Pinging @elastic/apm-ui (Team:apm)
I have a couple of questions;
Do we expect this to be an issue for all agents or only a few?
This is something we've seen a lot with the RUM agent. It could also happen with other agents but I think it's much more rare.
Is there already specific documentation on configuration options that will resolve this issue for the user and where can I find it (in case we want to link to it)?
That's a good question. Not that I know of. @jahtalab @vigneshshanmugam or @bmorelli25 might know.
RUM agent has an option to set pageLoadTransactionName
that would help user configure this only for page load transaction alone.

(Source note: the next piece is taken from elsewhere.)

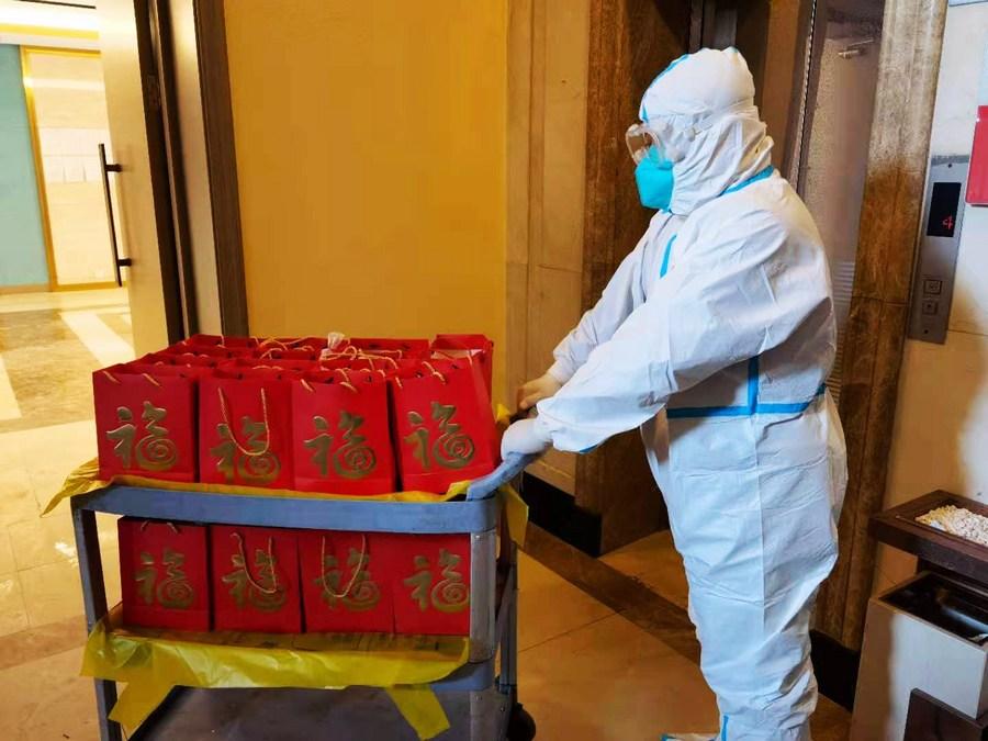 A staff brings Chinese New Year snacks to people who live at a quarantine spot in Shenyang ,northeast China's Liaoning Province, Feb. 11, 2021. (Xinhua/Yang Qing)

However, there are also other ways to fix the transaction name for both soft and hard navigations which I have commented here - https://stackoverflow.com/a/60703633/3588136
@vigneshshanmugam Thanks! Do you think it would be useful with documentation that is more language agnostic and more focused on the purpose of transaction.name
(grouping of similar urls by patterns) and how it should be limited to 200 (default max number of transaction groups displayed by the ui). And how this limit can be increased (configurable in kibana).
Thanks for the feedback.
I've created a quick draft PR with a proposed design implementation for how to show the callout. https://github.com/elastic/kibana/pull/67610
I too think it's worth investigating whether we can create a single agent-agnostic documentation article that will help users debug their issues, which we can easily link to from the app.

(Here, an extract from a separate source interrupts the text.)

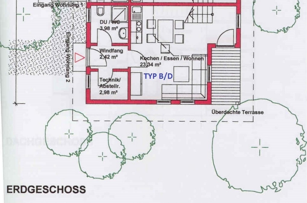 Duschbad/WC, Abstellraum, Ausgang zur möblierten Terrasse.

Do you think it would be useful with documentation that is more language agnostic and more focused on the purpose of transaction.name
Totally, a language agnostic documentation would definitely be useful in this context and help understand the issue. We could probably in the UI detect the agent name and link to the relevant language docs and potential solutions to fix it.
And how this limit can be increased (configurable in kibana).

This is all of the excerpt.